Seems to be an issue with group_norm on metal, haven't tried with other backends.
./bin/sd -m models/gsdf/Counterfeit-V2.5/Counterfeit-V2.5_pruned.safetensors -p "a cat" --steps 2 -H 640 -W 640
ggml_metal_init: allocating
ggml_metal_init: found device: Apple M2 Max
ggml_metal_init: picking default device: Apple M2 Max
ggml_metal_init: default.metallib not found, loading from source
ggml_metal_init: GGML_METAL_PATH_RESOURCES = nil
ggml_metal_init: loading 'stable-diffusion.cpp/build/bin/ggml-metal.metal'
ggml_metal_init: GPU name: Apple M2 Max
ggml_metal_init: GPU family: MTLGPUFamilyApple8 (1008)
ggml_metal_init: GPU family: MTLGPUFamilyCommon3 (3003)
ggml_metal_init: GPU family: MTLGPUFamilyMetal3 (5001)
ggml_metal_init: simdgroup reduction support = true
ggml_metal_init: simdgroup matrix mul. support = true
ggml_metal_init: hasUnifiedMemory = true
ggml_metal_init: recommendedMaxWorkingSetSize = 22906.50 MB
[INFO ] stable-diffusion.cpp:142 - loading model from 'models/gsdf/Counterfeit-V2.5/Counterfeit-V2.5_pruned.safetensors'
[INFO ] model.cpp:676 - load models/gsdf/Counterfeit-V2.5/Counterfeit-V2.5_pruned.safetensors using safetensors format
[INFO ] stable-diffusion.cpp:164 - Stable Diffusion 1.x
[INFO ] stable-diffusion.cpp:170 - Stable Diffusion weight type: f32
ggml_backend_metal_buffer_type_alloc_buffer: allocated buffer, size = 469.45 MiB, ( 471.33 / 21845.34)
ggml_backend_metal_buffer_type_alloc_buffer: allocated buffer, size = 2155.34 MiB, ( 2626.67 / 21845.34)
ggml_backend_metal_buffer_type_alloc_buffer: allocated buffer, size = 94.47 MiB, ( 2721.14 / 21845.34)
[INFO ] stable-diffusion.cpp:306 - total params memory size = 1408.32MB (clip 469.44MB, unet 2155.33MB, vae 94.47MB, controlnet 0.00MB)
[INFO ] stable-diffusion.cpp:310 - loading model from 'models/gsdf/Counterfeit-V2.5/Counterfeit-V2.5_pruned.safetensors' completed, taking 1.03s
[INFO ] stable-diffusion.cpp:327 - running in eps-prediction mode
[INFO ] stable-diffusion.cpp:1374 - apply_loras completed, taking 0.00s
ggml_backend_metal_buffer_type_alloc_buffer: allocated buffer, size = 1.41 MiB, ( 2722.55 / 21845.34)
ggml_backend_metal_buffer_type_alloc_buffer: allocated buffer, size = 1.41 MiB, ( 2722.55 / 21845.34)

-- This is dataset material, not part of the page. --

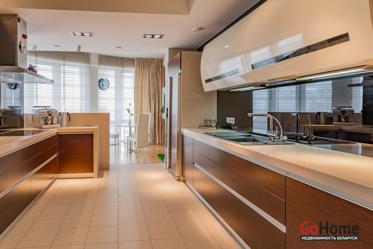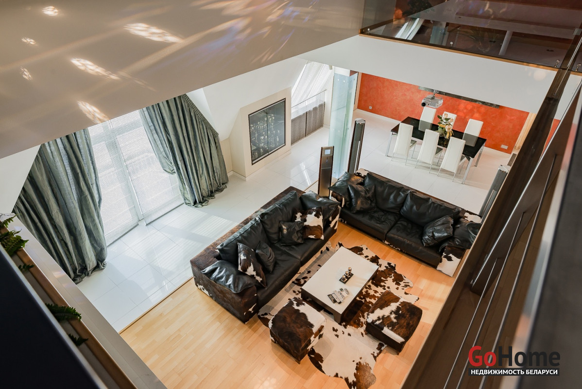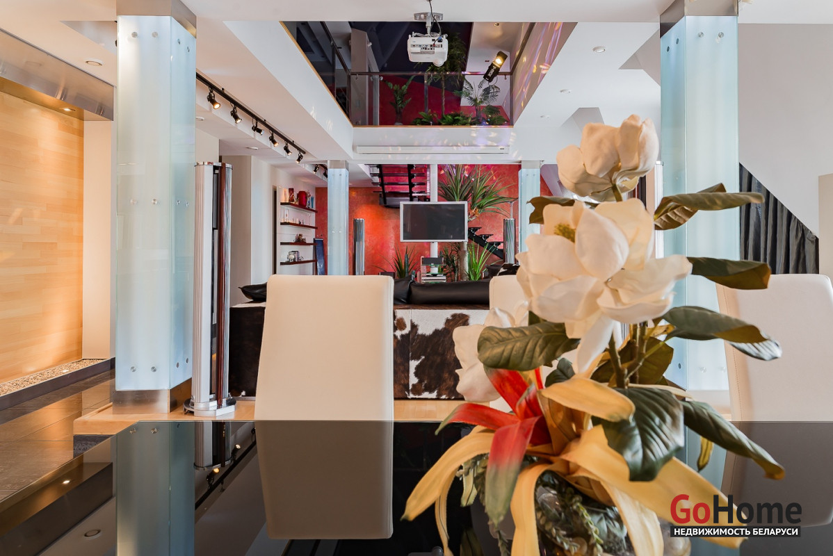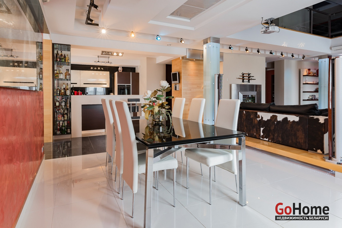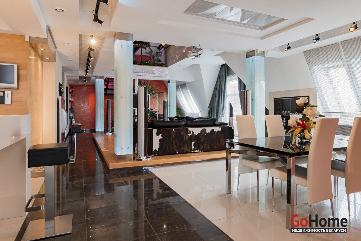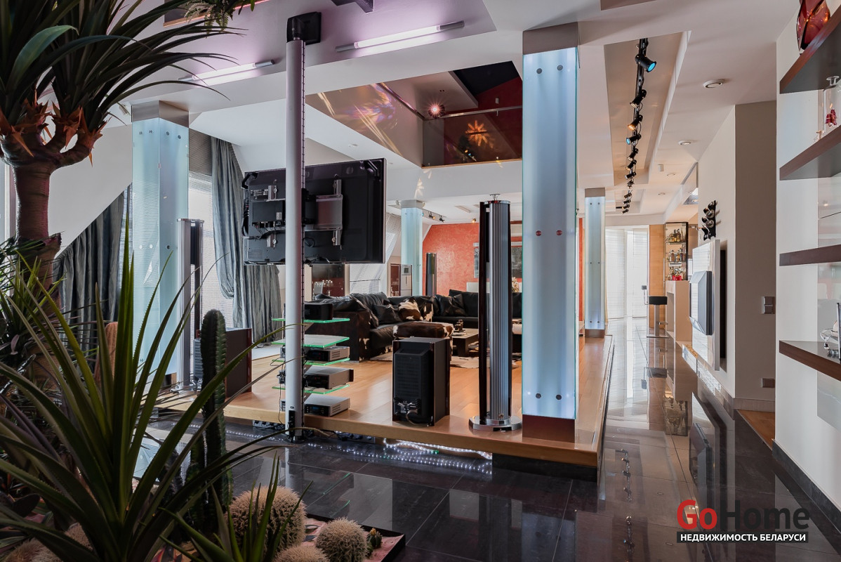Квартира двухуровневая площадью 216 кв.м., снабжена системой "умный дом" (система рекупирации воздуха, система антипротечек, 3 программы настройки освещения по настроению и т.д.). Выполнен ремонт из дорогостоящих импортных материалов, полностью меблирована (эксклюзивная мебель известных американских брендов).

[INFO ] stable-diffusion.cpp:1413 - get_learned_condition completed, taking 69 ms
[INFO ] stable-diffusion.cpp:1429 - sampling using Euler A method
[INFO ] stable-diffusion.cpp:1433 - generating image: 1/1 - seed 42
ggml_backend_metal_buffer_type_alloc_buffer: allocated buffer, size = 1320.61 MiB, ( 3572.30 / 21845.34)
GGML_ASSERT: stable-diffusion.cpp/ggml/src/ggml-metal.m:2034: ne00 % 4 == 0
GGML_ASSERT: stable-diffusion.cpp/ggml/src/ggml-metal.m:2034: ne00 % 4 == 0
zsh: abort ./bin/sd -m -p "a cat" --steps 2 -H 640 -W 640
Seems to be an issue with group_norm on metal, haven't tried with other backends.